§ **What is expected**
In the entries that follow, find the line containing "Another beautiful Adobe" and the line containing "Na kraju svečanosti", then copy exactly everything from the first through the second except the pictures.

+++ Materials provided

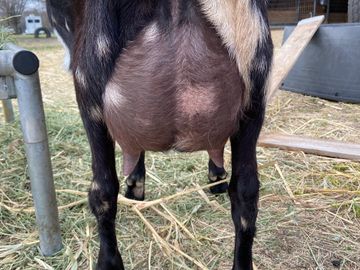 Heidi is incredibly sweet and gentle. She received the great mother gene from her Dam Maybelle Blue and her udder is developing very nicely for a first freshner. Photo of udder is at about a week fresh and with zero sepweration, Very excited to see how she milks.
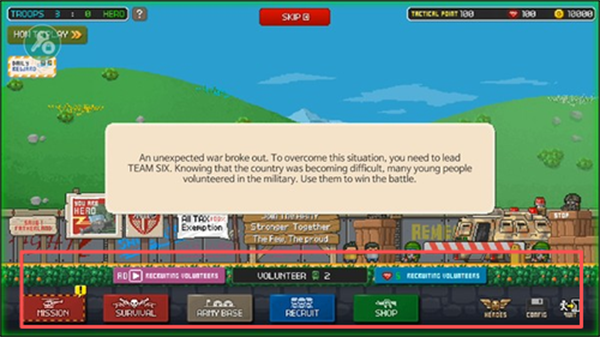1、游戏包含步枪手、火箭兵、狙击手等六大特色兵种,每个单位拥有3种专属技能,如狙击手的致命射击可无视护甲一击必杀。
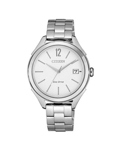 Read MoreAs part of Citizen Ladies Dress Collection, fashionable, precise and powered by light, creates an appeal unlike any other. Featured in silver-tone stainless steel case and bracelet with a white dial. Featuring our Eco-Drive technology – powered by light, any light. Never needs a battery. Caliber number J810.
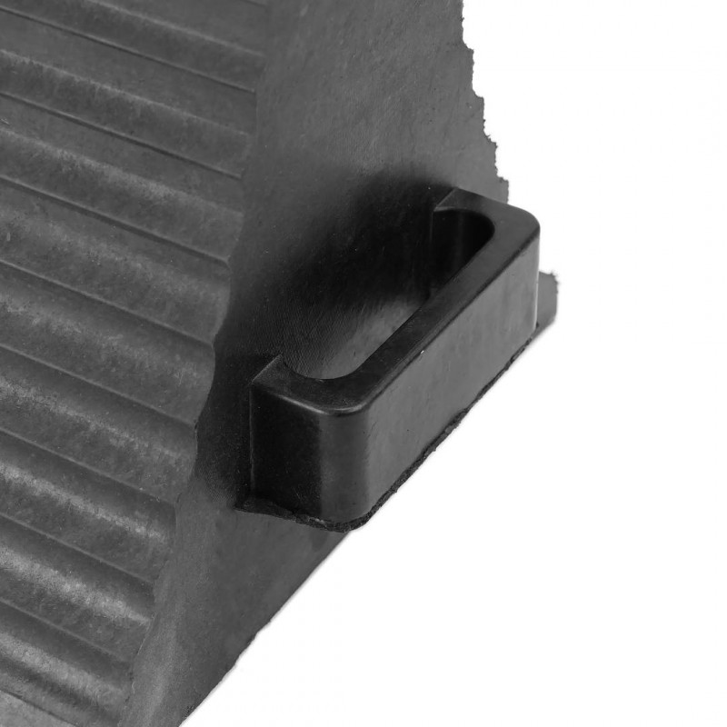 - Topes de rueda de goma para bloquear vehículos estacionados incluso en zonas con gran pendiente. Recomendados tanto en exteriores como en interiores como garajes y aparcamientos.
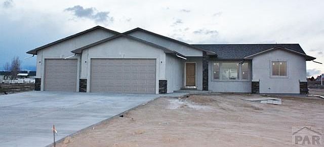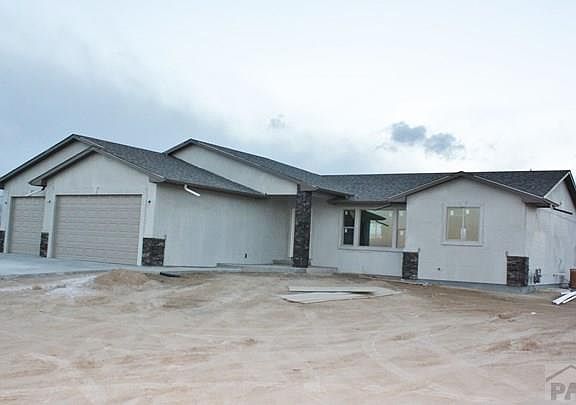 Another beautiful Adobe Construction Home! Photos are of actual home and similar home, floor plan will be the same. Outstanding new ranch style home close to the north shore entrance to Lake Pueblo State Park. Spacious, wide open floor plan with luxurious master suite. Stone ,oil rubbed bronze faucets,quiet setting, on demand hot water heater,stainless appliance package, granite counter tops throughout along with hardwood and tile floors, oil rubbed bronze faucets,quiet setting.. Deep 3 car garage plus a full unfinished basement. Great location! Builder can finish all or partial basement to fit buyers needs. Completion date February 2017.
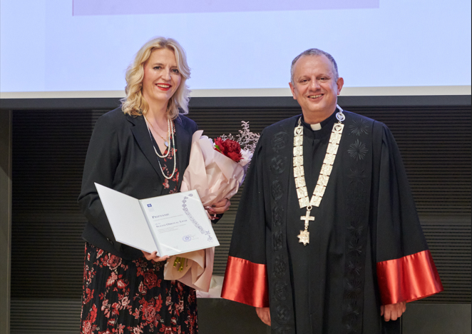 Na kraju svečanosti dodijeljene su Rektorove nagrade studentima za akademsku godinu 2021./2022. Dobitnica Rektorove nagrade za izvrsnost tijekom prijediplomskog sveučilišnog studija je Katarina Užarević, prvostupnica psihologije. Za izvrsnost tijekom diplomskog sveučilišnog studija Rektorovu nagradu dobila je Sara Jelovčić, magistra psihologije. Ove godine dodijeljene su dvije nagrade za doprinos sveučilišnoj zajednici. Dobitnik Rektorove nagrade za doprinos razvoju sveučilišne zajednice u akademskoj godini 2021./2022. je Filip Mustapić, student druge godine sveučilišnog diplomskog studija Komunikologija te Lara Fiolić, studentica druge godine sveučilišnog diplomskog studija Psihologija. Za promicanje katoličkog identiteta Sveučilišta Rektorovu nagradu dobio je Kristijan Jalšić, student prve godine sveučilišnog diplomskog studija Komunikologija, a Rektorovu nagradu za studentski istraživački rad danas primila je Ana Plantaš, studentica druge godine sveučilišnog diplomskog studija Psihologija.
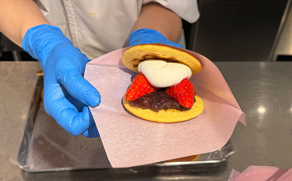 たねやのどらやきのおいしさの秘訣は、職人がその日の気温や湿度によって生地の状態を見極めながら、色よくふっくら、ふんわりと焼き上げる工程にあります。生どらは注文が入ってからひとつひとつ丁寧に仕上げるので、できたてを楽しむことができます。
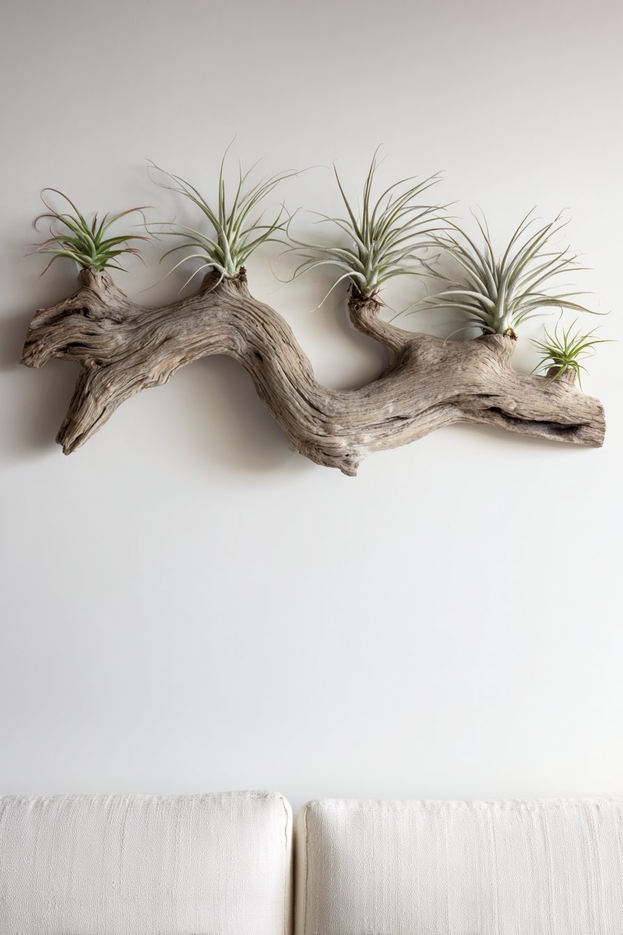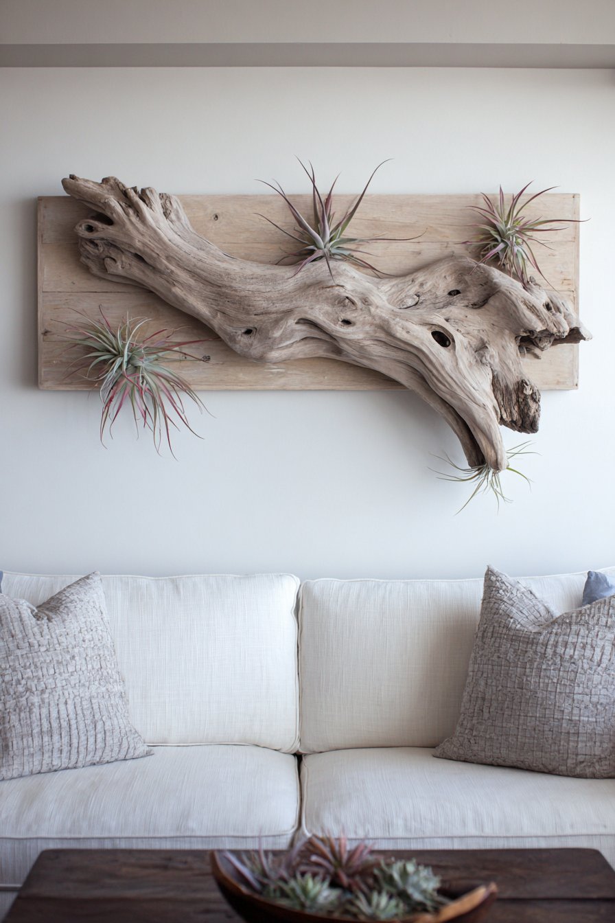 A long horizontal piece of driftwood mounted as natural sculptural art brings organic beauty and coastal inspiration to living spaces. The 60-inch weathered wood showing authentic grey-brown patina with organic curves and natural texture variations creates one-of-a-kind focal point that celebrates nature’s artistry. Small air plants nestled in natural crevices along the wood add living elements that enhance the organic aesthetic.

++++++

§ **Written solution**
 Another beautiful Adobe Construction Home! Photos are of actual home and similar home, floor plan will be the same. Outstanding new ranch style home close to the north shore entrance to Lake Pueblo State Park. Spacious, wide open floor plan with luxurious master suite. Stone ,oil rubbed bronze faucets,quiet setting, on demand hot water heater,stainless appliance package, granite counter tops throughout along with hardwood and tile floors, oil rubbed bronze faucets,quiet setting.. Deep 3 car garage plus a full unfinished basement. Great location! Builder can finish all or partial basement to fit buyers needs. Completion date February 2017.
 Na kraju svečanosti dodijeljene su Rektorove nagrade studentima za akademsku godinu 2021./2022. Dobitnica Rektorove nagrade za izvrsnost tijekom prijediplomskog sveučilišnog studija je Katarina Užarević, prvostupnica psihologije. Za izvrsnost tijekom diplomskog sveučilišnog studija Rektorovu nagradu dobila je Sara Jelovčić, magistra psihologije. Ove godine dodijeljene su dvije nagrade za doprinos sveučilišnoj zajednici. Dobitnik Rektorove nagrade za doprinos razvoju sveučilišne zajednice u akademskoj godini 2021./2022. je Filip Mustapić, student druge godine sveučilišnog diplomskog studija Komunikologija te Lara Fiolić, studentica druge godine sveučilišnog diplomskog studija Psihologija. Za promicanje katoličkog identiteta Sveučilišta Rektorovu nagradu dobio je Kristijan Jalšić, student prve godine sveučilišnog diplomskog studija Komunikologija, a Rektorovu nagradu za studentski istraživački rad danas primila je Ana Plantaš, studentica druge godine sveučilišnog diplomskog studija Psihologija.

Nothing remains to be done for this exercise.